Olly Alexander really likes being a pop star. He says that it’s full of “fairytale” moments, like when his Years & Years earnings enabled him to buy his mum a house, or when he and his ex-boyfriend, Neil Milan (formerly of Clean Bandit), became embraced as British pop’s new golden couple. After winning the BBC Sound poll in 2015, Years & Years’ earworm synth pop was everywhere. They had an inescapable number one single, “King”, and their album Communion was the fastest selling debut that year from a signed British band. Olly says that there are downsides to the tabloid headlines and Twitter trolls that come along with being “a public gay man” – a phrase that he puts in self-deprecating air quotes. But right now, those pressures feel far away, as he prepares to change into a bright pink boiler suit and play to a boozed-up Saturday night crowd, at an Annie Mac-curated showcase. Or, as he put it on Twitter earlier today: bring his “gay agenda” to The Roundhouse.
Years & Years’ great new single, “Sanctify”, contrasts lurking vocals with an ecstatic synth-fuelled chorus, and is as unapologetic as any of Olly’s pithy social media posts. He was newly single when he wrote the song, and reading Andrew Holleran’s 1978 chronologue of gay desire, Dancer From the Dance, had got him thinking about a couple of hookups he’d had with straight-identifying men. “It would always be under darkness,” he says. “It had this added layer of eroticism because it was somewhat forbidden. But (being with me) was a window where they could be themselves, and I felt responsible not to fuck them up.” Those conflicting feelings come through in evocative lyrics about obscuring masks and sinful confessions, with a climax that’s about as on-the-nose as chart pop gets. “I sanctify my sins when I pray,” says Olly, quoting the chorus’s payoff. “What do you do what you pray? You get on your knees. So is it a sexual baptism?” He laughs. “I was just like, ‘There’s a lot to work with here.’”

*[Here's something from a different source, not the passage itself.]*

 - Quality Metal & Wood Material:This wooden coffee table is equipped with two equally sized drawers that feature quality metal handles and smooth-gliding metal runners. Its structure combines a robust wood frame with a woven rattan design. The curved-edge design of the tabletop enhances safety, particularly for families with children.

Years & Years are a three-piece, but the other two members, Mikey Goldsworthy and Emre Türkmen, tend to hunker down behind synths and let Olly take centre stage. His soul-searching lyrics give the band’s maximalist pop its heart, with a singing voice that pierces through a constellation of synths. Their videos bring acts which are often shrouded in darkness into the light, showing the singer cruising in a dank car park, or at a pansexual orgy. The new “Sanctify” visual riffs on dom/sub culture, with an elaborate sci-fi plot that is a device for Olly to perform “Slave 4 U”-inspired dance moves to an audience of androids. When he was commissioned to write a song for the Bridget Jones franchise, he made it about bottoming. “I have sex, I enjoy sex,” he says flatly. He’s sitting in his cosy dressing room the Roundhouse, which rumbles with bass as Disclosure and Mabel soundcheck next door. “In the past, I think gay men (in pop) have often shied away from being overtly sexual, or being commanding of their sexuality. But I believe that our sexual fantasies are a big drive for us all. Exploring that side of yourself is super empowering.”

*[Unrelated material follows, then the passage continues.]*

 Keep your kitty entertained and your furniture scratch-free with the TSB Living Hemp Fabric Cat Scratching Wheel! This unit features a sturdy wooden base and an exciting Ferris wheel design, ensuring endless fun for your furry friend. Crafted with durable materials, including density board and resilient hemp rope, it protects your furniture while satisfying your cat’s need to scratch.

In the past year or so, many well-known LGBTQ artists have begun to bring queerness into their music in sex-positive ways. Pop’s boy-next-door Troye Sivan strapped on Tom Of Finland leathers for a back alley moment with well-fluffed trade, Janelle Monáe caressed women’s bare thighs, Fever Ray returned with a concept album about queer kink. For better or worse, Sam Smith is now calling himself a “dick monster”on primetime telly. “Sometimes seeing a man express themselves in an overtly sexual way, especially a gay man, makes certain conservative people feel a bit uncomfortable,” Olly says. “I always wanna keep people a little uncomfortable.”
“I believe that our sexual fantasies are a big drive for us all. Exploring that side of yourself is super empowering” – Olly Alexander
Years & Years are far from the first mainstream British pop act to proudly put gay sexuality at the centre of their music – that’s a lineage that runs from Will Young to George Michael, Pet Shop Boys to Bronski Beat, and beyond. But Olly’s performances are a reminder that mainstream pop can be open to explicit queerness (at least, when it’s embodied in a handsome white cis man). Olly has faith that you don’t have to be “generic to be palatable,” and that “straight guys can hear a song that I’ve written about being fucked by another guy, but still relate.” LGBTQ+ people like me grew up seeing straight culture pretty much everywhere; seeing more of our community thrive is crucial.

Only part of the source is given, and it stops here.